Furloughed Employees, Unemployment Benefits, And SCDEW Recoupment Of South Carolina Unemployment Benefit Costs From Employers

Due to the COVID-19 pandemic, many employers have furloughed some or all of their workforce in South Carolina.  Furloughed employees may now be entitled to receive unemployment benefits, and enhanced by $600 per week by the federal government through the CARES Act.

In South Carolina, unemployment benefits paid to unemployed workers are funded by the South Carolina Unemployment Insurance Tax (UI Tax).  The UI Tax – also known as South Carolina’s version of “SUTA” – is imposed on employers and paid to the South Carolina Department of Employment and Workforce (SCDEW) and which administers the program and pays unemployment benefits to South Carolina workers.

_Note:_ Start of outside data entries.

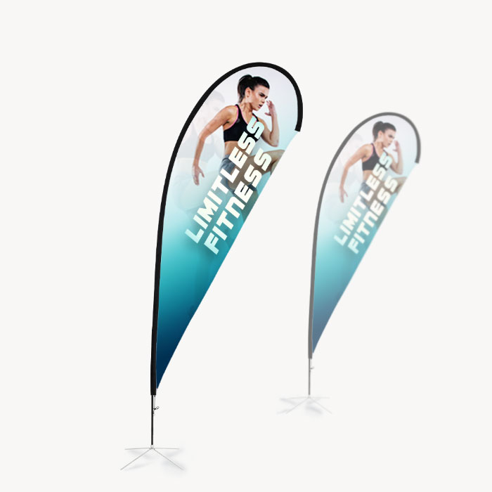 The Teardrop Flag is suitable for indoor and outdoor events. Effectively advertise your logo or message with our x-large teardrop flag. Available hardware options including a heavy duty cross base or ground stake to fit to your pole set.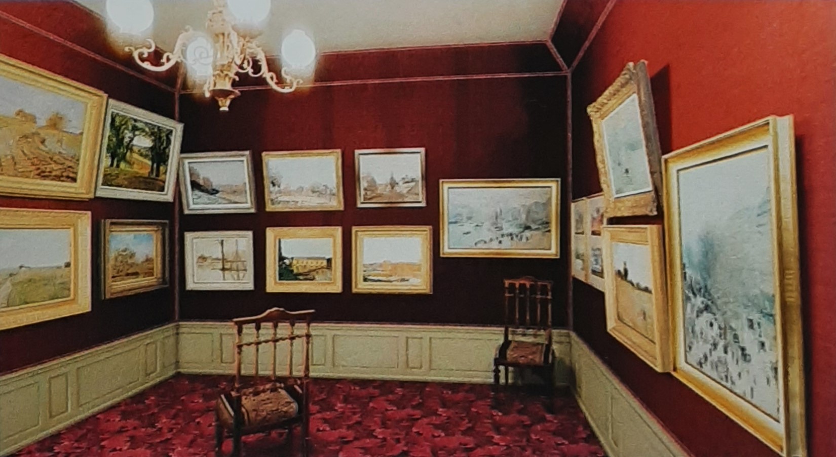 The reviews (=Rv) partly discribed how the works were displayed. The art-works were displayed in several rooms on two floors (Rv4+9;R410,p62). One review mentioned 7 or 8 rooms (Rv3), one 3 or 4*, one mentioned 6 (Rv13). Two rooms on the first floor were separated by a partition wall (R410,p62), so it can be seen as 3 and as 4 rooms. On the second floor 1 small room was probably the former photographer’s laboratory (R410,p62), maybe this wasn’t counted by Silvestre (Rv13). According to Burty the walls were brown-red (Rv1), there were draperies (Rv17) and at dusk there was gas lightning (Rv34). The paintings were hung in 1 or 2 rows (Rv4+6+25), the small ones beneath the large (Rv25). All this is nicely depicted in the Immersive experience↑.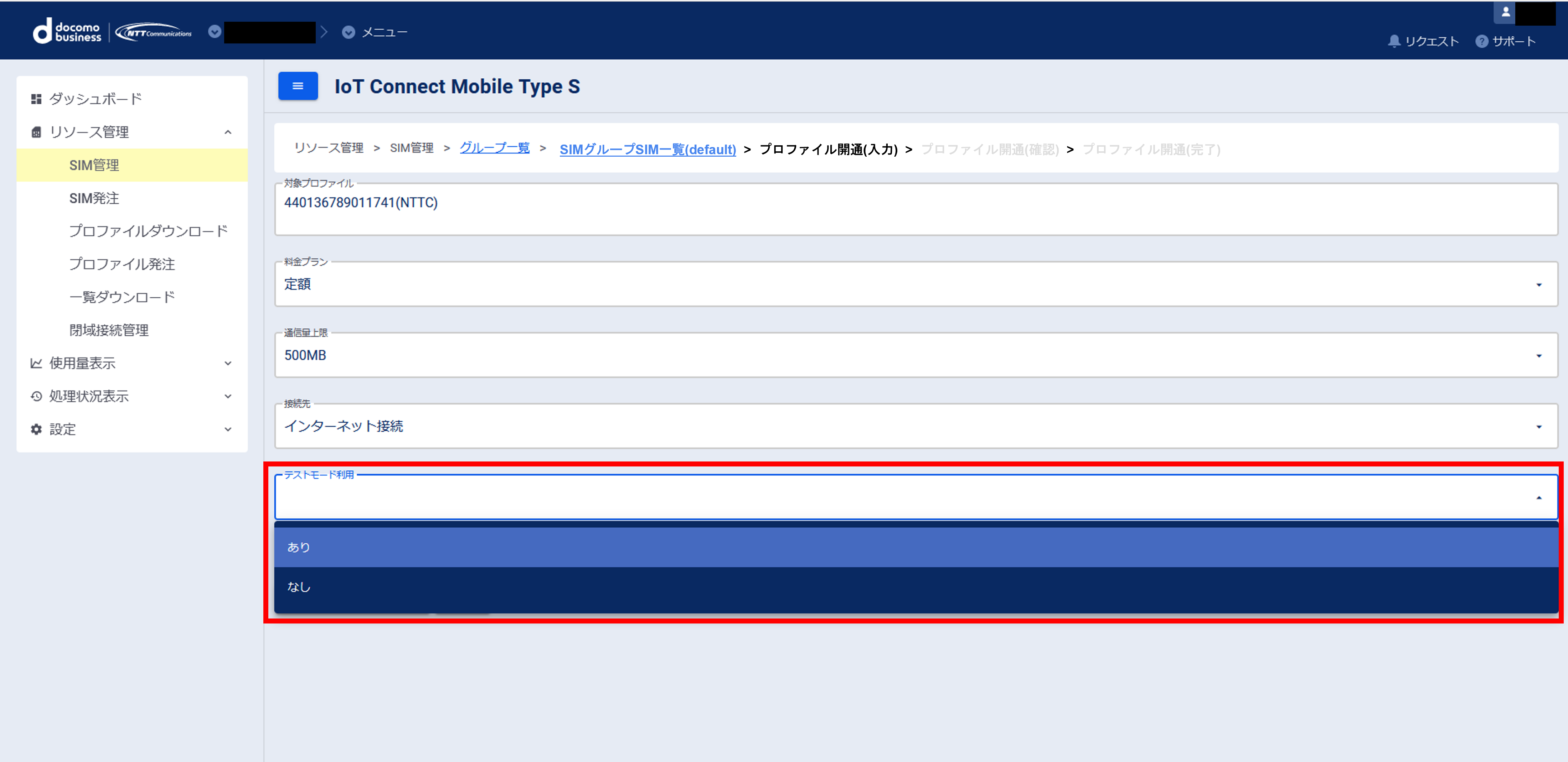マルチアクセスSIMの場合は、1つのマルチアクセスSIMに紐づく2つのプロファイルのうち、どちらを選択しても開通のボタンをクリックすると同一開通画面に遷移します。

UT Tax assessed against employers is taxed at graduated rates and based generally on the employer’s “benefit experience rating”.  This means that if an employer terminates, lays-off, or furloughs employees, and where the employees then claim unemployment benefits, the employer’s UI Tax rate for the following year goes up.  In this manner, SCDEW is able to recoup higher unemployment benefits paid to an employer’s workforce.

While SCDEW generally has the statutory right to increase UI Tax against an employer where the employer’s workforce is not being paid and claims unemployment benefits, there are limits.  Applicable to the current COVID-19 pandemic, SCDEW is prohibited from increasing employer UI Tax rates for unemployment benefits “paid as a result of declaration of emergency declared by the Governor”.

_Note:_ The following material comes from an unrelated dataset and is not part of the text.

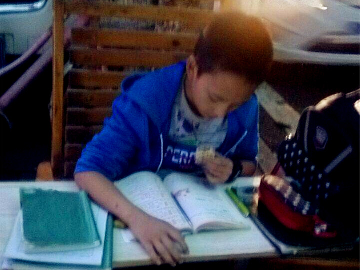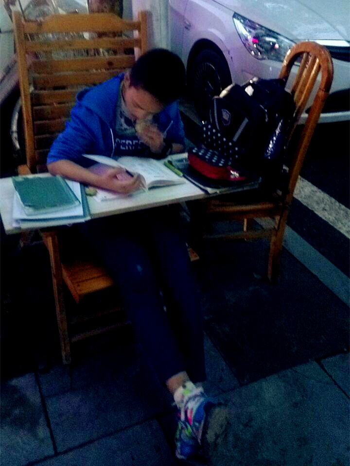 黄女士说,虽然条件艰苦了些,但感觉这男孩也不在意这些问题,而是全神贯注地做着自己的作业。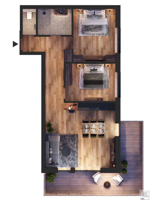 Das Apartment punktet mit zwei charmanten Schlafzimmern, die ausreichend Komfort und Privatsphäre bieten. Die rustikalen Holzvertäfelungen an den Wänden verleihen dem Raum eine herzliche Wärme - eine Hommage an die umliegenden Wälder, die die Region Ellmau so besonders machen. In den Apartments strahlt ausnahmslos jeder Raum die perfekte Balance zwischen nostalgischem Charme und moderner Eleganz, sowie Funktionalität und Wohnlichkeit aus. Bei der Gestaltung wurde größter Wert auf hochwertige Materialien gelegt, von großformatiger Keramik bis zu Echtholzdielen und Altholzwänden.

South Carolina Governor Henry McMaster has declared such an emergency in a number of Executive Orders since the beginning of the COVID-19 pandemic.  SCDEW has also announced, in a series of “Questions and Answers” applicable to “Coronavirus and Unemployment Benefits”, that “”[s]outh Carolina law allows for the removal of charges from employers when unemployment benefits are paid as a result of a natural disaster, either declared by the President of the United States or the declaration of emergency by the Governor.”

While this may give employers comfort that SCDEW may not seek to charge them increased UI Tax during this emergency, what then after the Governor declares the end of the COVID-19 emergency – at least in his view?  It will take time for employers to ramp back up and bring employees back, but, until that time and while workers may still be collecting unemployment benefits, SCDEW may seek to hold the employers liable for additional UI Taxes to help SCDEW recoup unemployment benefits paid after the emergency declaration ends.